→ **WHAT IS EXPECTED**
Output the whole listing exactly, with no pictures.

→ **DATASET EXTRACT**
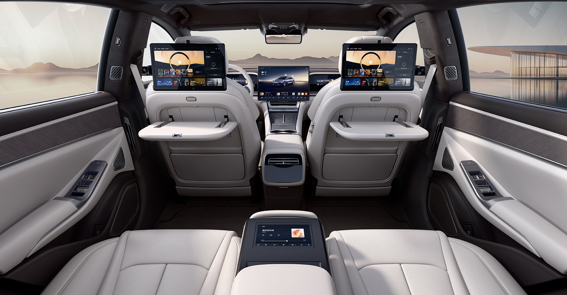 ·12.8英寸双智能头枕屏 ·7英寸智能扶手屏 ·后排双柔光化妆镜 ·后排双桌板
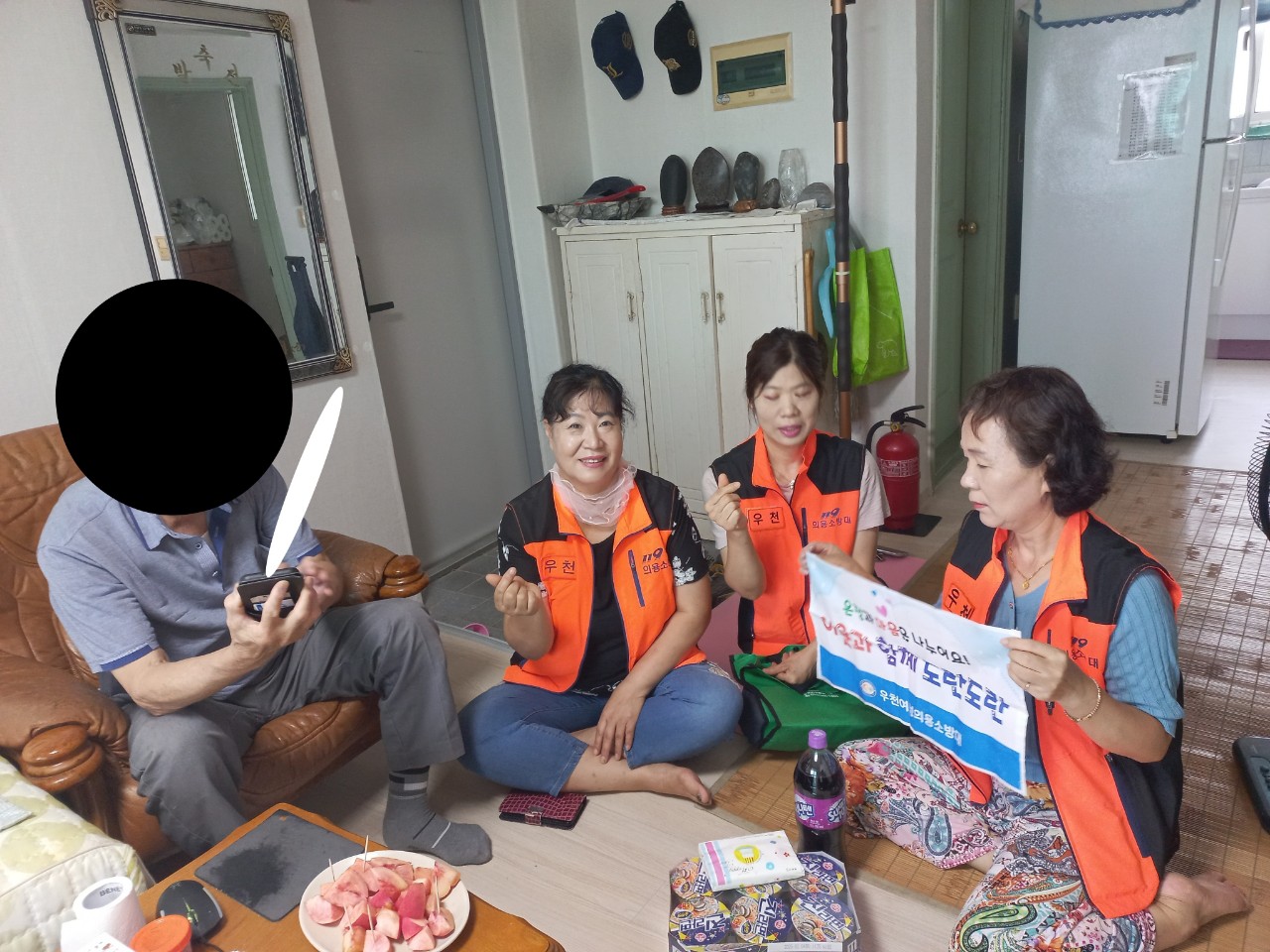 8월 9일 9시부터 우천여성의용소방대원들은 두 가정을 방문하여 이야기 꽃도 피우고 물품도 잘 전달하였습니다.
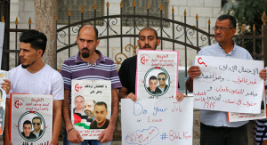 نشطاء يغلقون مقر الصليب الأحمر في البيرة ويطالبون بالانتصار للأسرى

→ **RESPONSE TO THE TASK**
 ·12.8英寸双智能头枕屏 ·7英寸智能扶手屏 ·后排双柔光化妆镜 ·后排双桌板
 8월 9일 9시부터 우천여성의용소방대원들은 두 가정을 방문하여 이야기 꽃도 피우고 물품도 잘 전달하였습니다.
 نشطاء يغلقون مقر الصليب الأحمر في البيرة ويطالبون بالانتصار للأسرى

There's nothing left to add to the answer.